Malgré tout, il entretient une relation amoureuse. Enfin, c’est peut-être plutôt Camille qui l’entretient pour eux deux. Jérémy ne sait plus trop parfois. Il est trop malheureux pour rendre quelqu’un d’autre heureux.
Camille, elle, a grandi auprès d’une mère qui n’en était pas vraiment une. Une femme qui l’a étouffée autant qu’aimée. Mais Camille, à l’inverse de Jérémy, a décidé d’aller vers la lumière. Elle est un soleil Camille. Alors que Jérémy est l’ombre qui le surplombe.
Sur le plafond de leur appartement, une tâche d’humidité est apparue. Jérémy l’observe et l’assimile au mal-être qu’il vit au jour le jour. Cette tâche d’abord petite, va s’étendre comme les idées noires de Jérémy qui vont être amplifiées par une annonce inattendue. Camille et Jérémy feront-ils face ensemble ou séparément?
Antoine Dole écrit donc aujourd’hui son premier livre en “littérature générale”. Pour être honnête, je lisais déjà l’auteur pour ses romans ados (que j’aime beaucoup mais dont je n’ai pas beaucoup parlé par ici finalement à part le très beau Ueno Park) donc j’ai lu Six pieds sur terre sans me poser de questions. Et je l’ai aimé, sans m’en poser beaucoup plus.
C’est un très beau roman. Très difficile aussi car il appuie là où ça fait mal, posant des questions qui nous ont tous et toutes effleurés, touchés même de près ou de loin, quel que soit notre passé, nos drames personnels. C’est difficile de vivre parfois.

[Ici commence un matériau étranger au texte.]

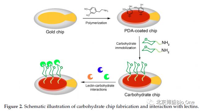 通過Schiff base 或者 Michael addition反應使氨基化碳水化合物固定在聚多巴胺涂層芯片表面,得到碳水化合物修飾的芯片。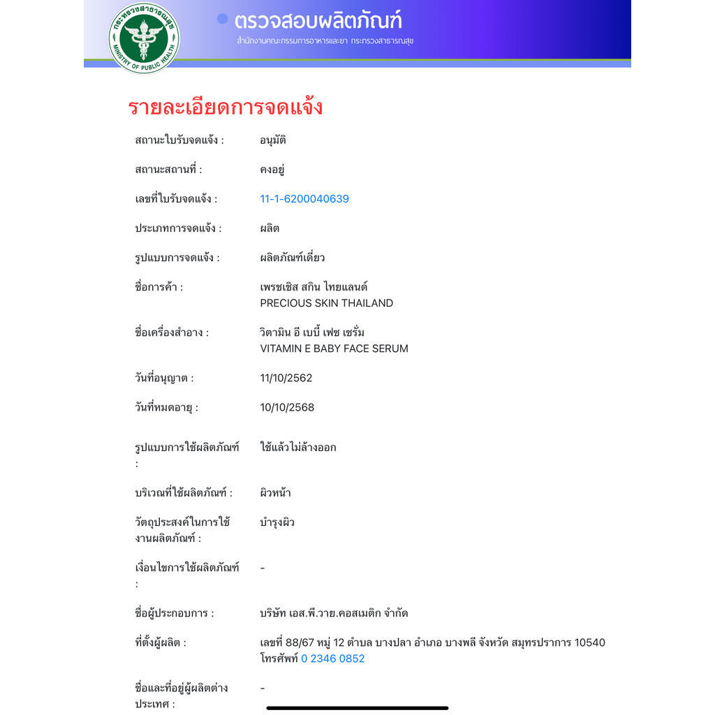 (1ชิ้น) Vitamin E Baby Face Serum 30ml by Precious Skin

“C’est vivre qui nous tue, oui.
C’est vivre qui nous tue.
Parce qu’on souffre et elle s’en fout, cette vie, que l’on s’accroche ou non.”
Mais tout n’est pas noir, non. Il y a un peu de lumière dans ce roman. Timide. Mais précieuse.
C’est un roman humain, sensible, douloureux et libérateur aussi.
C’est un très grand roman de cette rentrée littéraire.
#PourQui?
Pour ceux et celles qui oscillent entre l’ombre et la lumière.
Pour ceux et celles qui cherchent une histoire d’amour douloureuse mais vraie.
Pour ceux et celles qui n’ont pas peur de verser quelques larmes.
Et cette fois-ci, ce n’est pas un roman pour les enfants.